Cognitive Biases: What They Are and How They Explain the Way Our Brain Works
Understanding what cognitive biases are is essential for navigating the world around us better and for designing new experiences.
Did you know that 95% of cognitive biases happen without us being aware?
They can be understood as shortcuts our brain uses to process the information around us.
Sometimes these shortcuts are not good and lead us to process information incorrectly, which we call judgment distortion.
Currently, more than 188 cognitive biases are known. These deviations or errors can appear in various forms. The most common ones are linked to information processing through shortcuts, distortion in how we store events in our memory, limitations in our brain's processing capacity, social influences, or emotional changes.
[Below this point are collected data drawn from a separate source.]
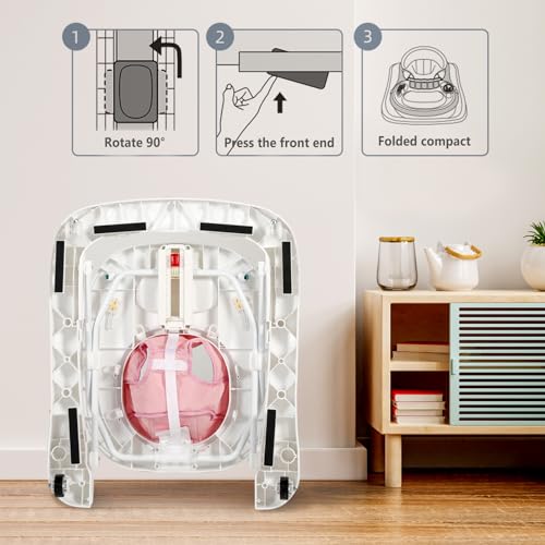 ๐ถ๐ป[Foldable Design Save Space]: Our portable walker for babies have folding support arms, which is easier to transport or store when not in use. Rotate the red button half a turn and make sure it aligns with the gap, then press the front end of the red button to easily fold. You can slide it under the bed or sofa for storage, and even if place the baby activity walker against the wall, it will not take up too much space.
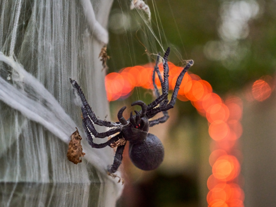A large, black spider makes for an intimidating Halloween decoration. You can hang it above your porch or set it on the floor to surprise anyone walking by. Its dark, glossy body and oversized legs will instantly send shivers down anyone’s spine.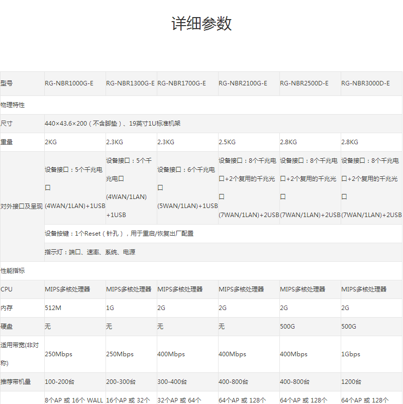 锐捷RG-NBR3000D-E 企业级网关路由器8个电口 2个光口 推荐待机1200

Understanding what cognitive biases are is important for us, designers, because we are constantly designing products and services in an era where "dark patterns" are increasing, cognitive load is also rising, and unconscious human error is growing. This is very concerning, especially in hospital environments where human lives can be put at risk.
How can we use this knowledge to our advantage?
Now I have an interesting "twist". Learning about cognitive biases is just as essential for better understanding the people who will use our products and services as it is for understanding our stakeholders!!
I would say that a large part of stakeholders make decisions based on the "bias" around them, which often leads us to poor choices when it comes to user experience and thinking more about business objectives than the real value we are delivering. One of those biases could be the Confirmation Bias.
We can therefore use cognitive biases to our advantage to better understand and persuade our stakeholders to make better decisions. At the same time, we can use this knowledge to recognize our own "biases", how to work around them, and logically design and create human-centered experiences.